Developing and managing your financial portfolio involves a series of steps to plan and reach your financial objectives, while gaining an understanding of the important factors under consideration when one begins to invest. From start to finish, they include:
1) Determine your goals: This is the “what” and “why” behind your investments. What are you working towards? Why is this important?
2) Determining your risk and expertise level: One’s risk level captures what you are willing to lose and how much you hope to gain.
3) Create a plan: How do you want to invest your earnings? What investment vehicles and products do you want in your portfolio? Mutual funds, ETFs, high-interest or tax-free savings accounts?

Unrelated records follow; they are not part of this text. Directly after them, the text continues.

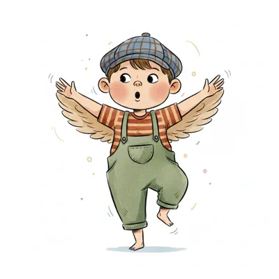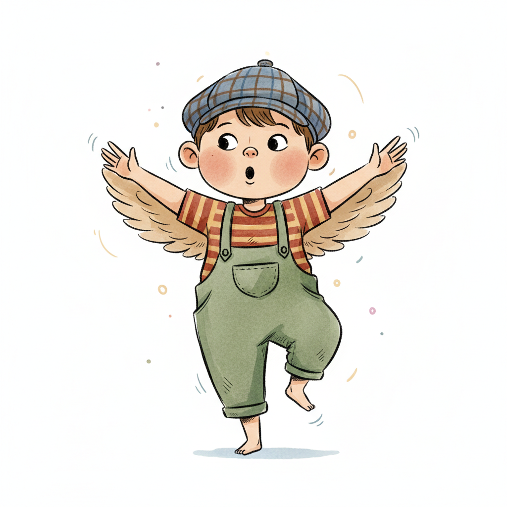 Niedlicher Cartoon-Junge mit Flügeln und Mütze, der überrascht auf einem Bein balanciert.
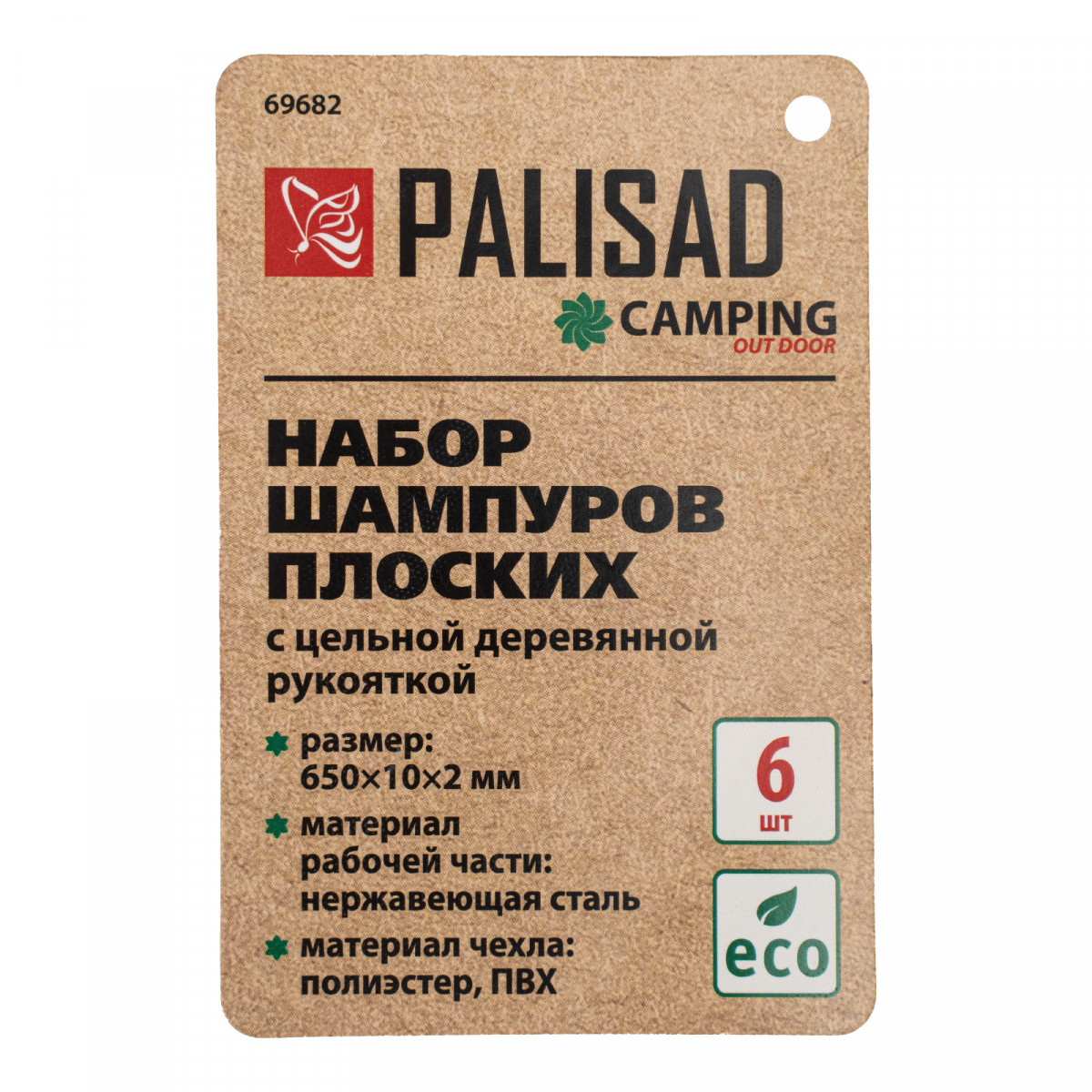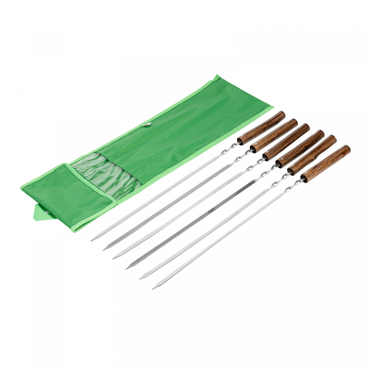 Набор шампуров плоских, 650 мм, с цельной деревянной рукояткой, в чехле, 6 шт, Camping Palisad
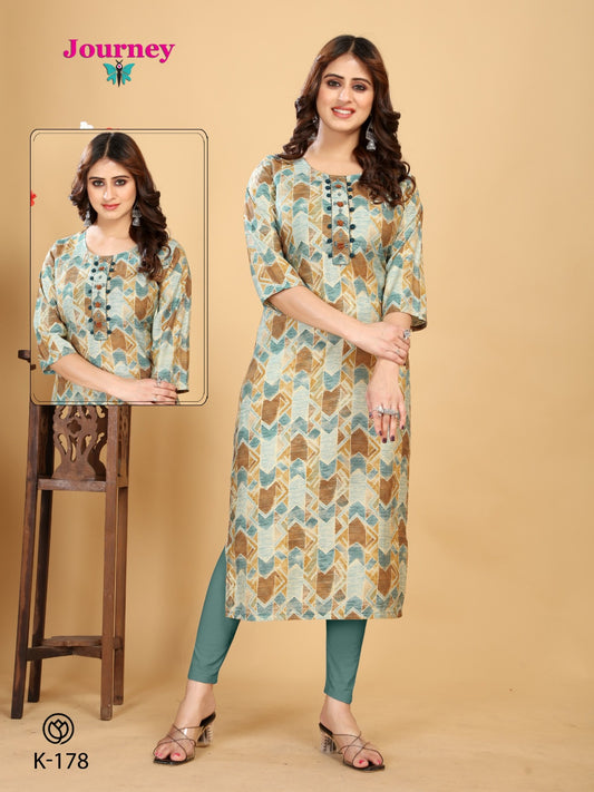 K 158-161 जर्नी डिज़ाइन विस्कोस लॉन्ग स्ट्रेट कुर्ती

4) Choose a portfolio: 1) How do you want to allocate your assets; 2) What range of investment styles do you want to adopt; 3) How much are you investing and what type of fees are you willing to incur.
5) Stick to your plan and rebalance…
In reality, this isn’t a “last-step,” but rather, the jumping off point to managing your financial portfolio. In an ideal scenario we would do all our investment research early on and let our decisions play-out until retirement. Unfortunately, there are too many changing factors that allow this to be a sustainable approach: Markets and interest rates change, fund managers leave, companies face competition and decreasing market share. Even personal reasons will dramatically change what you are saving for.
The difficulty with this seemingly contradictory process—sticking and adjusting to a plan—varies with our risk tolerance. If we are conservative investors, bonds aren’t going to perform in a surprising fashion. The allocation of our assets in our portfolio will remain somewhat intact. If we take on moderate risk and have a balanced portfolio, however, we will need to rebalance more often. For example, during one year, bonds might become a larger percentage of our portfolio, and this will lead us to redistribute earnings to our equity portion, to keep the allocation of assets at pre-determined levels.
In general, we should be looking at our portfolio every quarter or more frequent if markets dictate or as we see fit. But the degree to which we make these changes, also reflects our ability to handle and comprehend risk and market behavior. Thus, a general rule of thumb is that your asset allocation should not deviate from its target by more than 5%. Too large of a change and too often can snowball and create added stress and discomfort, and lead to emotionally charged, rather than rationally thought out decision-making. Depending on your risk style, rebalancing will have the added benefit of allowing you to sell well-performing stocks to make room for under-valued new stocks. Rebalancing can also allow you to infuse new capital in your portfolio.